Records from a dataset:
------------------------------------------------

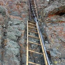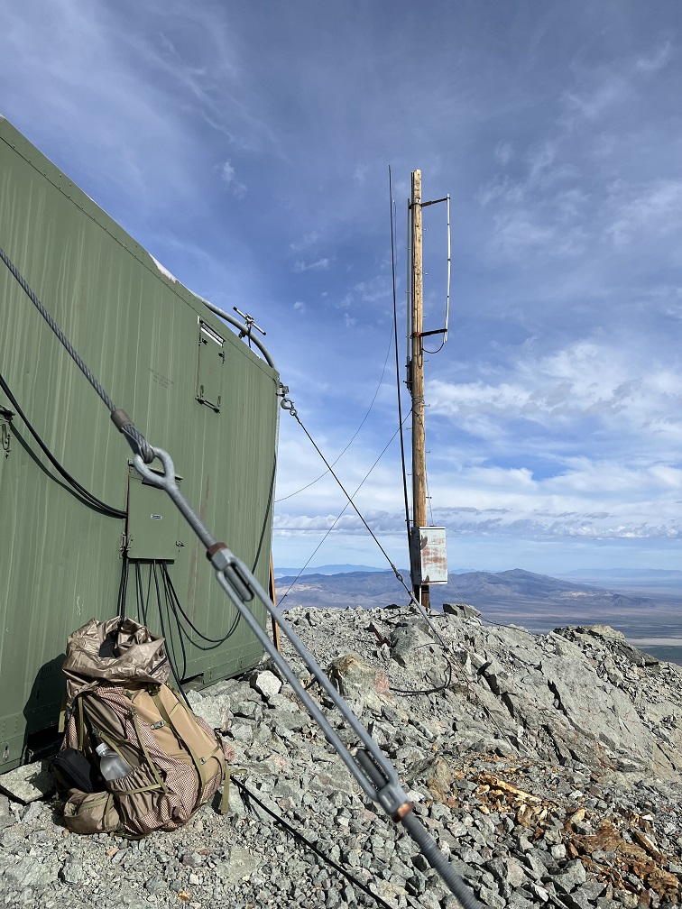 I parked at the comm tower halfway between the radar station and the summit as others before me had and hiked the remaining short distance. There are 2 metal ladders to be climbed to the top and then a very small area to put up a HF antenna. There is a military-style container taking up the middle of the summit and I could only fit my 20m EFHW by tying my mast to the telephone pole on the one side and the container on the other. Nevertheless, I was able to make QSOs in relatively short order and headed down. 2m was pretty much dead, with only one contact from XYL.
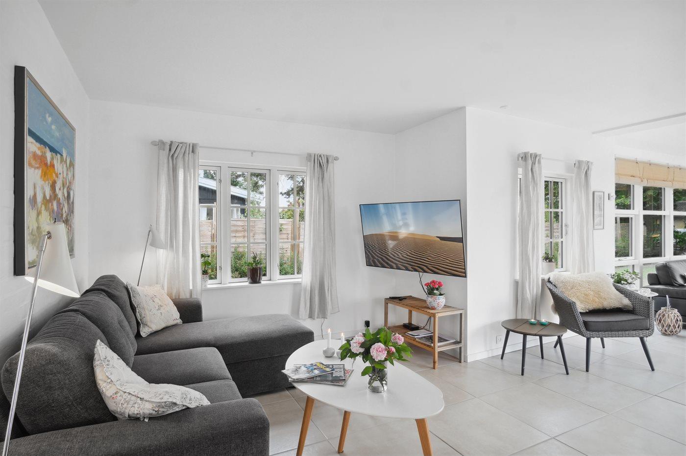 Dette lyse og indvendigt gennemrenoverede sommerhus er beliggende i et roligt sommerhusområde og med kun 200 meter til stranden. Huset er energivenligt med luft til vand varmepumpe og med gulvvarme i alle rum. Huset er lyst og stilfuldt indrettet med et flot, stort køkkenalrum, hvor der er god plads til hele familien. I den lyse tilbygning med stue er der masser af lysindfald fra de store vinduespartier. Der er 2 soveværelser med hver 2 sovepladser, og så er der en dobbelt sovesofa i stuen med yderligere 2 sovepladser. Badeværelset har bruseniche, og der er vaskemaskine og tørretumbler. Fra stuen er der udgang til en stor syd- og vestvendt træterrasse.
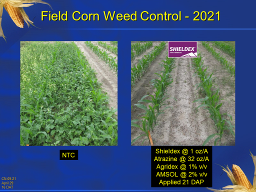 Field Corn Weed Control - 2021<BR>CN-09-21 <BR>April 29 <BR>16 DAT<BR>NTC<BR>Shieldex @ 1 oz/A <BR>Atrazine @ 32 oz/A <BR>Agridex @ 1% v/v <BR>AMSOL @ 2% v/v <BR>Applied 21 DAP<BR>
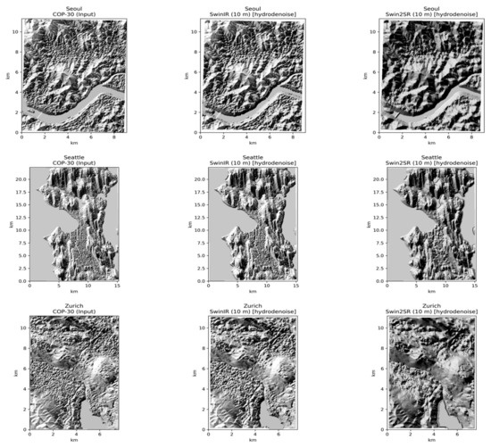 However, applying our proposed qmap stabilization technique dramatically rectified this issue, reducing Swin2SR’s macro RMSE by 45.0% to 26.062 m. This demonstrates that qmap is decisive in restoring the practical viability of Swin2SR for DEM data.
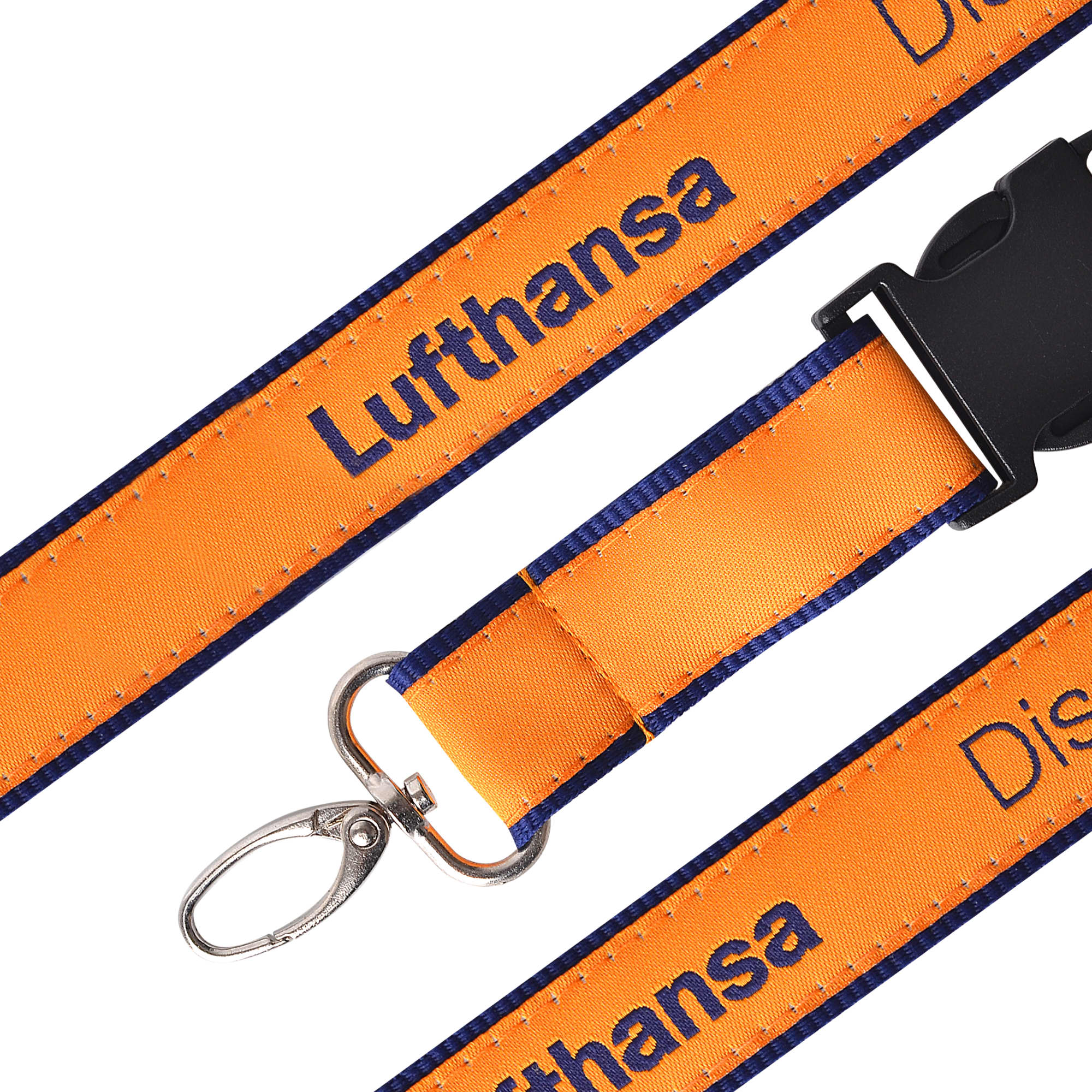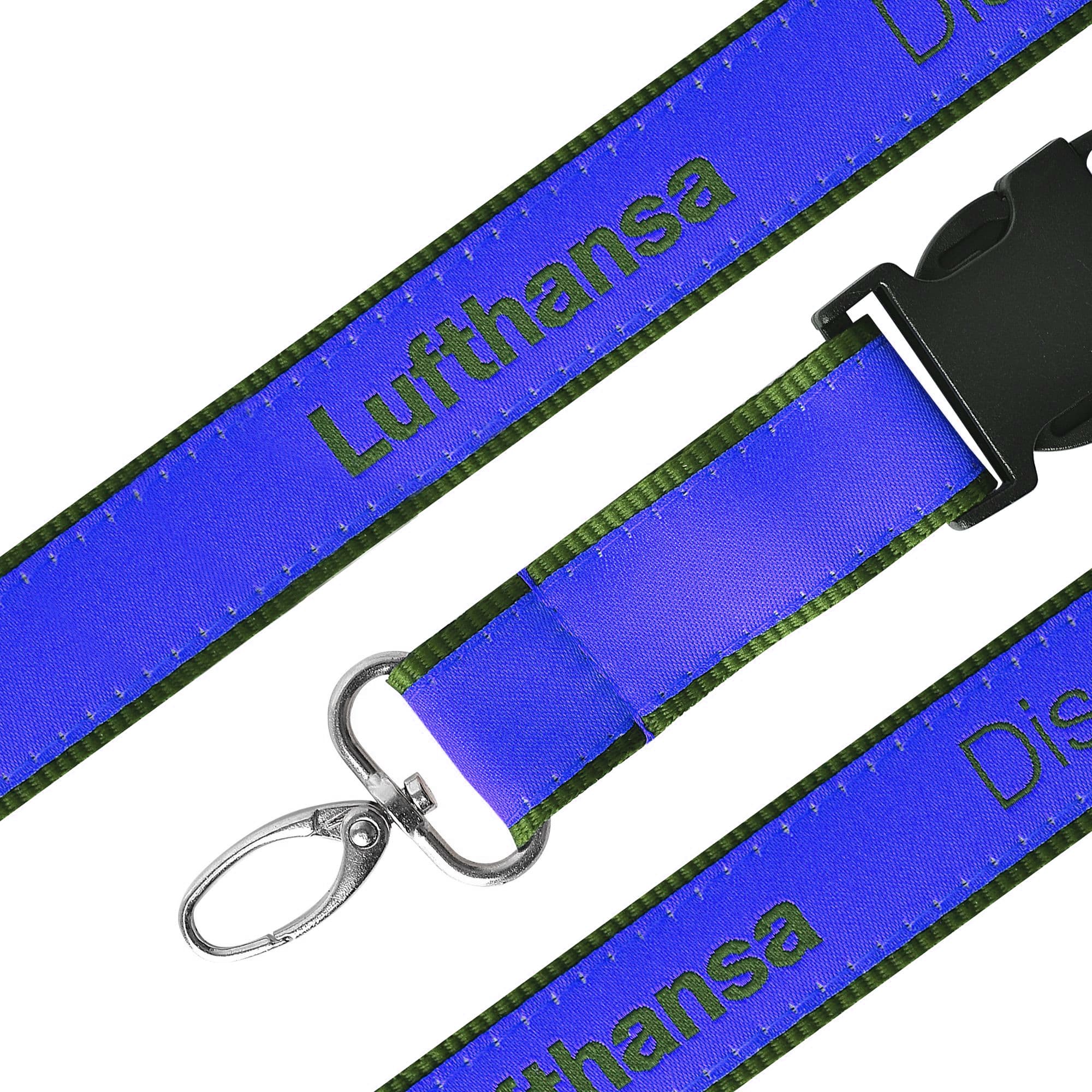 Our lanyard is a braided design woven into the fabric. The result is a durable product made of polyester. Because it has a solid second layer of finish, the end result is a detailed design which is not lost in the printing process.

------------------------------------------------

■ TASK ITEM: Each line from the line containing "However, applying our" through the final line of the data above must be retyped exactly; nothing else, and no pictures, may appear.

■ TASK RESULT:
 However, applying our proposed qmap stabilization technique dramatically rectified this issue, reducing Swin2SR’s macro RMSE by 45.0% to 26.062 m. This demonstrates that qmap is decisive in restoring the practical viability of Swin2SR for DEM data.
 Our lanyard is a braided design woven into the fabric. The result is a durable product made of polyester. Because it has a solid second layer of finish, the end result is a detailed design which is not lost in the printing process.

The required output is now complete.